Le projet de traiteur des Filles Fattoush illustre aussi à quel point la cuisine est un formidable véhicule pour donner au suivant.

Leurs produits peuvent être livrés à domicile ou commandés avec Lufa. C’est un service de prêt-à-manger, mais aussi un projet d’économie sociale qui permet à de nouvelles arrivantes syriennes de s’intégrer au marché du travail en cuisinant et en socialisant dans un climat de confiance et de camaraderie.

PHOTO MARTIN CHAMBERLAND, LA PRESSE

Adelle Tarzibachi, des Filles Fattoush

Les plats syriens (labneh, kebbe au bœuf, mujadarah) sont exquis et connaissent un grand succès.
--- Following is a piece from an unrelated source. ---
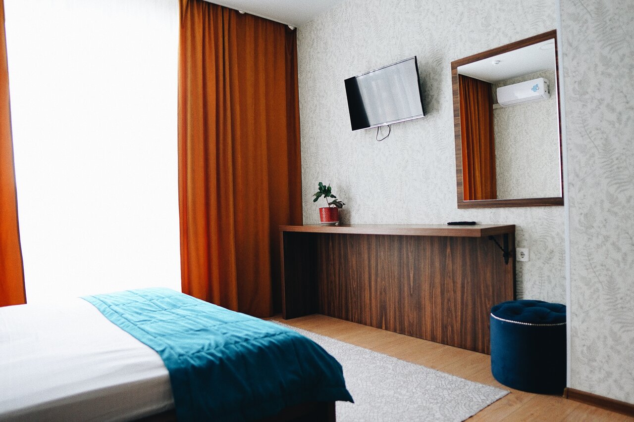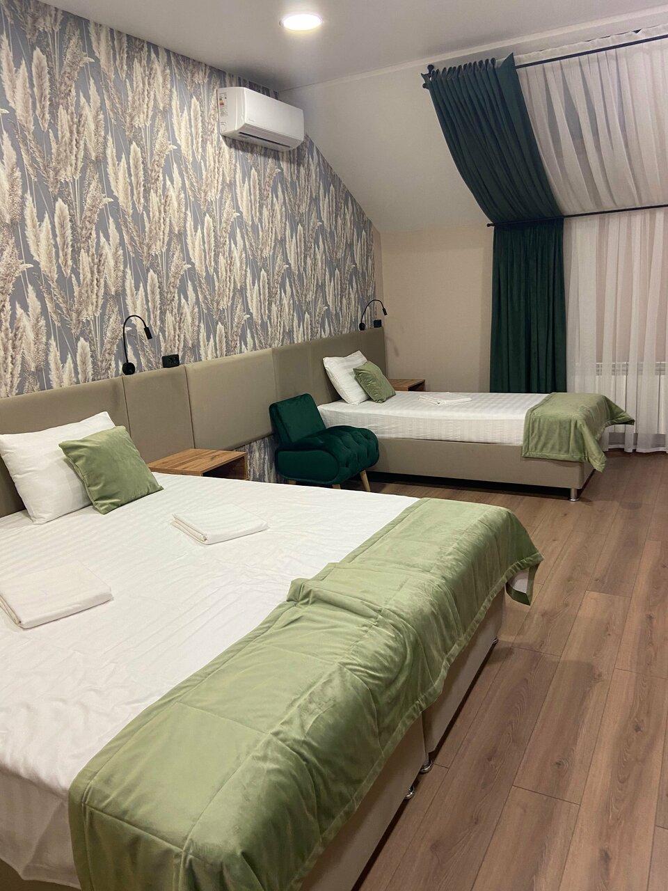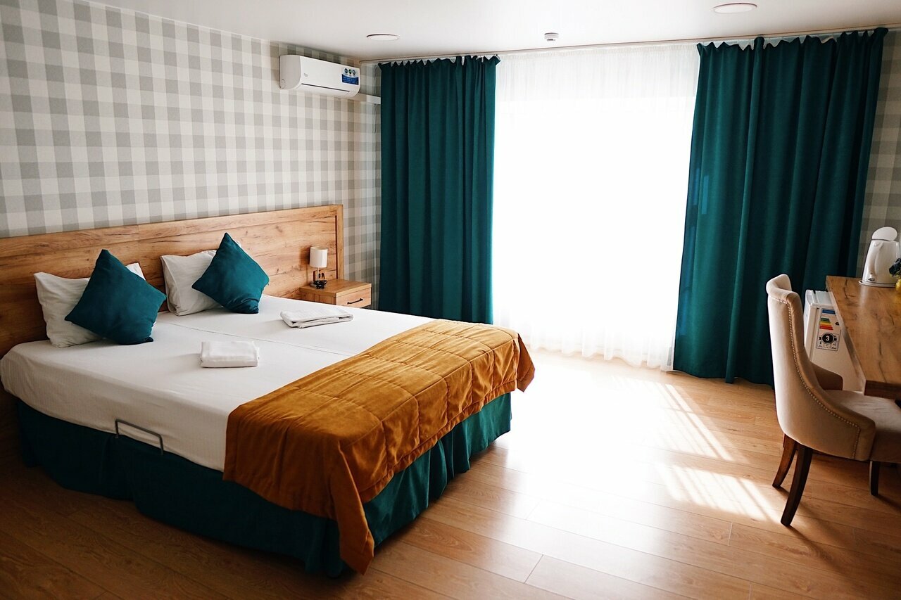 Отличный отель. Доброжелательная и отзывчивая администратор. Номер стандарт большого размера — были приятно удивлены. Новый ремонт, мебель. При отеле есть ресторан, после дороги вкусно поужинали, рекомендуем. Нам очень понравилось! Желаем всяческого процветания!!!

On peut par ailleurs acheter les mélanges d’épices des Filles Fattoush dans plusieurs points de vente (Avril, IGA) et même sur le site de Simons. « Un grand succès », confirme la cofondatrice Adelle Tarzibachi.

> Voyez leurs produits sur le site de Simons

Fait vécu : il ne faut pas entrer dans la cuisine des Filles Fattoush, située dans un quartier industriel de Mont-Royal, avec l’estomac vide. Les vapeurs d’épices et des plats en préparation creuseront dangereusement votre appétit.

Adelle Tarzibachi, originaire d’Alep, est arrivée à Montréal en 2003. Quand le gouvernement canadien a décidé d’accueillir 25 000 réfugiés de la Syrie en 2015, elle et Josée Gauthier ont voulu aider concrètement des femmes qui devaient se bâtir une nouvelle vie. « En cuisinant, les femmes travaillent, mais elles parlent aussi de leur vie et de leur quotidien », explique-t-elle.

Pour elles et pour tant d’autres gens, cuisiner, c’est vivifiant.